April 30, 2010 – Friday- was not a good  trading day. The government brought criminal charges against Goldman on Thursday and every stock was beaten down due to their economic connection with one of the formerly strongest investment banking firms in the world. Did not matter. Banking, investment banking, manufacturing, real estate– all down.

Goldman, a household investment banking giant, had a $240/share stock price in Dec 2008 when Lehman and Bear Stearns started the downslide in the market. Now, at $145/share, the company has lost billions of value for their stockholders and clients. What makes it worse is that their top executives told Congress that they are not responsible for their clients’ decisions.

So, amidst this telltale story of Wall Street greed, you may have missed the small press release that Fannie Mae sent out.

Basically, Fannie Mae said it will tighten lending standards on adjustable-rate mortgages and “interest-only” loans that helped fuel the housing bubble and have led to a disproportionate share of losses for the mortgage-finance giant.

The changes, which will take effect in September, will require lenders to qualify borrowers based on whether or not they can afford potentially higher payments once adjustable-rate loans reset, and will require much more stringent criteria for interest-only borrowers.

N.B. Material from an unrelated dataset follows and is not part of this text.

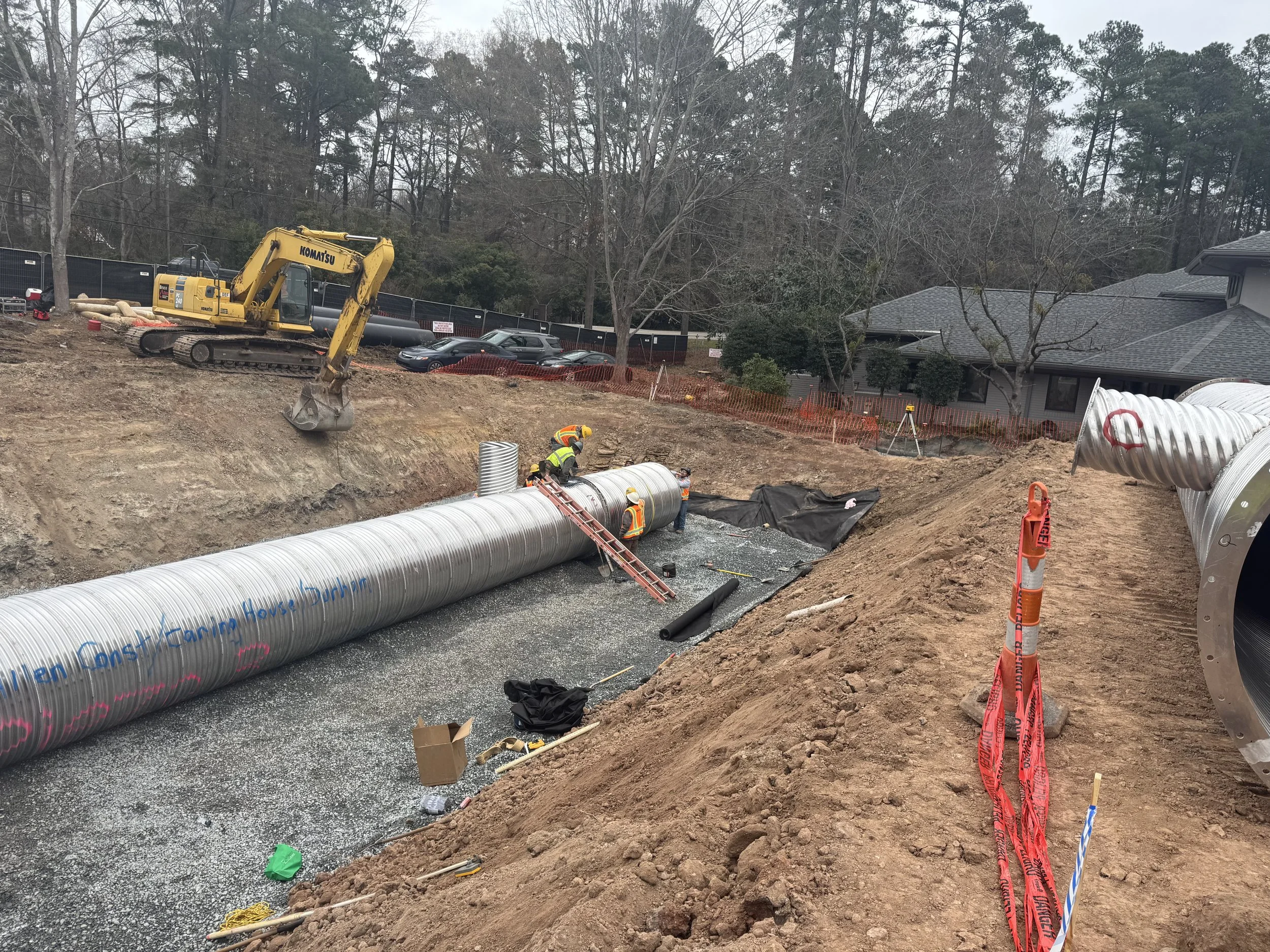 Frank Land Design served as the civil engineer and landscape architect of record, providing services from early site plan updates through permitting, construction documentation, and construction administration. Our scope included civil site design, stormwater and erosion control, fire flow and hydraulic analysis, pump station evaluation, and code-compliant landscape and tree preservation planning.

During the housing boom, borrowers increasingly used adjustable-rate mortgages with low initial rates to buy bigger homes and banked on ever-rising values to refinance before payments rose higher. When prices stopped rising, more borrowers weren’t able to sell or refinance to avoid higher payments. That sent defaults soaring.

Fannie said it will require borrowers to have credit scores of at least 720 and 30% equity. Borrowers must also have at least two years worth of cash reserves remaining after closing.

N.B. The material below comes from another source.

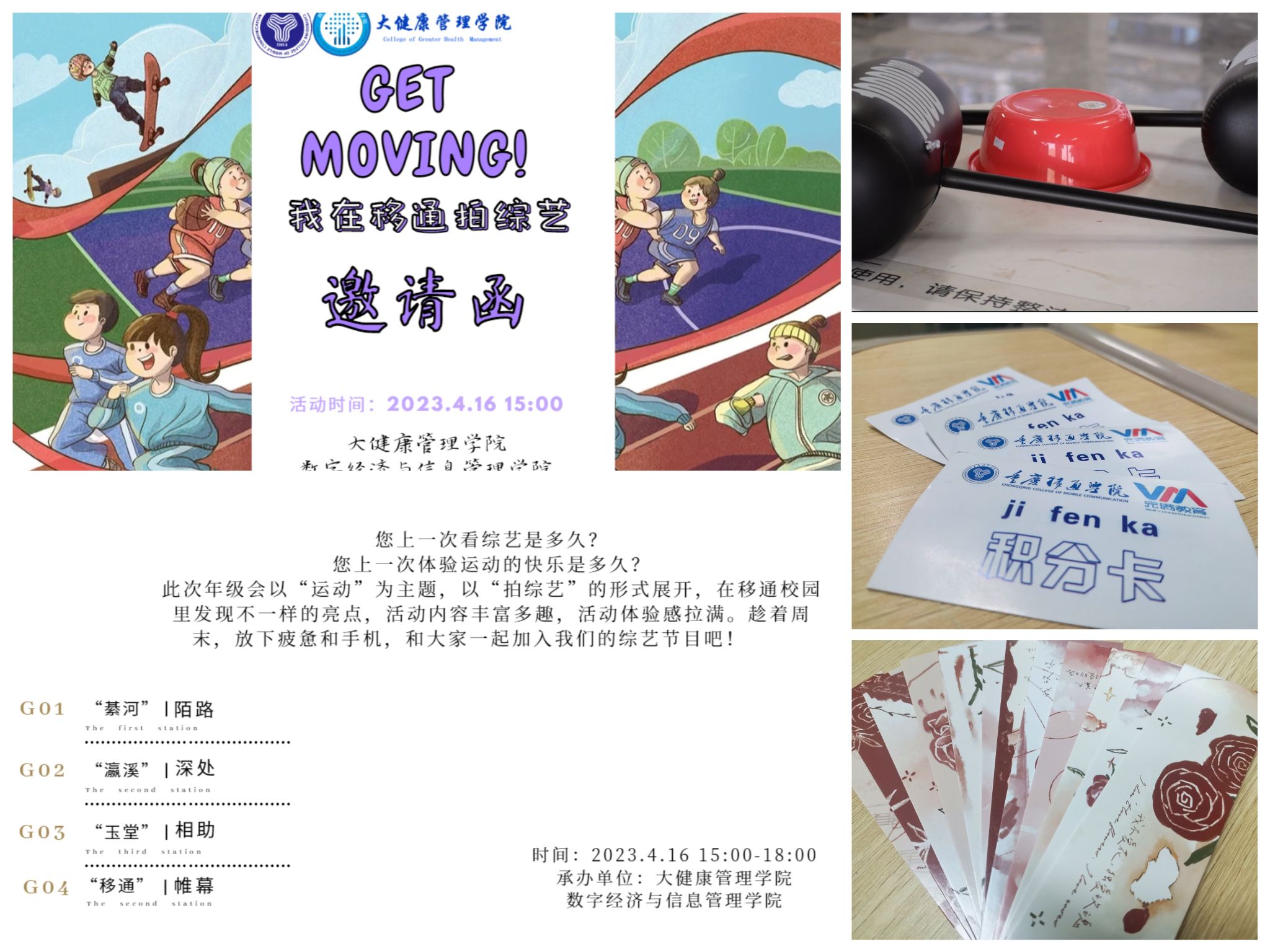 FUN肆开跑,向健康打CALL,SHOW向上活力,以运动逐光影,承初心历前行!为营造积极、团结、凝聚的气氛,进一步探索以运动为载体,全面释放压力、积极应对专业学习的新途径。增强学生身体素质,增进同学之间的交流,培养同学们团队协作精神。丰富校园文化生活,提高学生的运动健身意识和身心健康水平。数字经济与信息管理学院管理科学与工程类3-5班&大健康管理学院体育经济与管理1-3班于4月16日15:00—18:00在綦河书院中庭、瀛溪书院中庭、玉棠书院中庭、操场举办了“Get Moving!我在移通拍综艺!——“綦”遇之旅主题年级会。此次年级会采用综艺的特色形式展开,借助视频和照片来记录移通er运动和奔跑中的欢声笑语,来到现场的参赛人员和工作人员都佩戴校徽,衣着整齐,大家期待着在此次年级会中能共同感悟团队协作的力量与竞技体育精神。

For adjustable-rate mortgages that reset within their first five years, lenders will have to qualify borrowers under higher payment levels, using the greater of either the current interest rate plus two percentage points, or the current interest rate plus the extra margin charged by the lender.

If you have the money to buy, just  hope that the markets remain volatile so  that you can find underpriced properties worth purchasing! Good news for investors and buyers.

I Just Attended a Wonderful Webinar!

I am a student of Harris Real Estate University and attend classes online weekly. Today, we had a great speaker being interviewed from the National Association of Realtors.
His name is Jeff Lischer.

This is the man who is responsible for working with the Treasury Dept. to formulate the New HAFA PROGRAM about which I have written here. Mr. Lisher represents the National Association of Realtors of which I am so proud to be a member. Our annual dues contribute to lobbying in Washington for buyers and sellers.

Mr. Lischer clarified for us how the HAFA plan works. Please feel free to contact me anytime if you are a distressed homeowner having financial difficulty and need advice. It would be my PRIVILEGE to help you. If I do not have the answers, I do have the resources and will find the answer for you.

SHORT SALES and The New HAFA Program April 5, 2010

Short sales have become more appealing to homeowners who are behind on their mortgage and are looking to get out without going into foreclosure. But the time it takes to process these type of sales, the sales have been thought of as long rather than short. A new federal program goes into effect APRIL 5, 2010 and will provide more guidelines to allow the stressed homeowners to enter into a short sale and more quickly get on their way to a more affordable living arrangement.

 It is called The Home Affordable Foreclosure Alternatives program which  will provide certain incentives to lenders, and to home owners who chose to do a short sale, rather than wait until the bank takes the property.